ASSIGNMENT: Quote the listing below in full and exactly as written, but omit every picture.

(DATASET SECTION Opens)

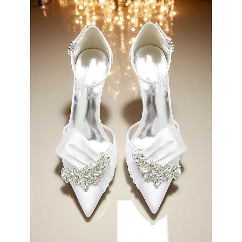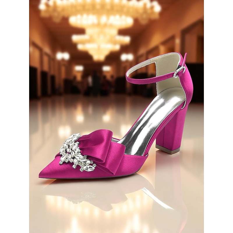 Highlights - Luxurious satin upper material - Elegant synthetic leather lining - Sparkling rhinestone embellishment - Comfortable chunky heel - Chic pointed toe shape - Durable rubber outsole
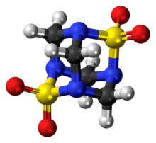 Tetramethylenedisulfotetramine (TETS) is an organic compound that is used as a rodenticide (rat poison).[2] It is an odorless, tasteless white powder that is slightly soluble in water, DMSO and acetone, and insoluble in methanol and ethanol. TETS is a sulfamide derivative. It can be synthesized by reacting sulfamide with formaldehyde under acidic condition.[3] When crystallized from acetone, it forms cubic crystals with a melting point of 255–260 °C.
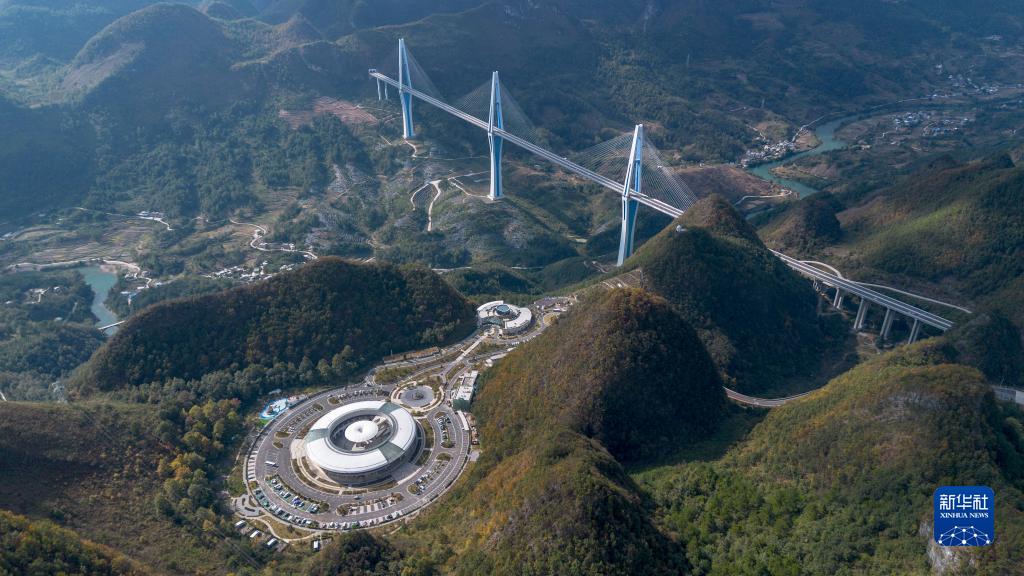這是10月25日拍攝的“天空之橋”觀(guān)光服務(wù)區和平塘特大橋(無(wú)人機照片)。
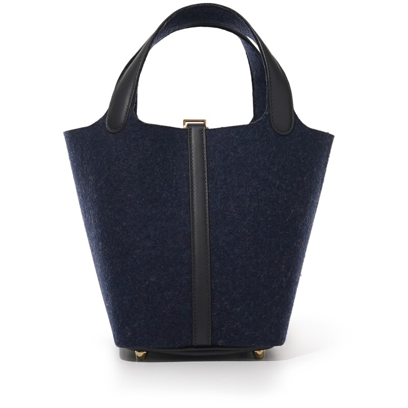 Hermès Bleu Nuit Feutre Wool and Black Swift Picotin Lock 18 Gold Hardware

(DATASET SECTION Closes)

RESULT FOR THIS TASK:
 Highlights - Luxurious satin upper material - Elegant synthetic leather lining - Sparkling rhinestone embellishment - Comfortable chunky heel - Chic pointed toe shape - Durable rubber outsole
 Tetramethylenedisulfotetramine (TETS) is an organic compound that is used as a rodenticide (rat poison).[2] It is an odorless, tasteless white powder that is slightly soluble in water, DMSO and acetone, and insoluble in methanol and ethanol. TETS is a sulfamide derivative. It can be synthesized by reacting sulfamide with formaldehyde under acidic condition.[3] When crystallized from acetone, it forms cubic crystals with a melting point of 255–260 °C.
這是10月25日拍攝的“天空之橋”觀(guān)光服務(wù)區和平塘特大橋(無(wú)人機照片)。
 Hermès Bleu Nuit Feutre Wool and Black Swift Picotin Lock 18 Gold Hardware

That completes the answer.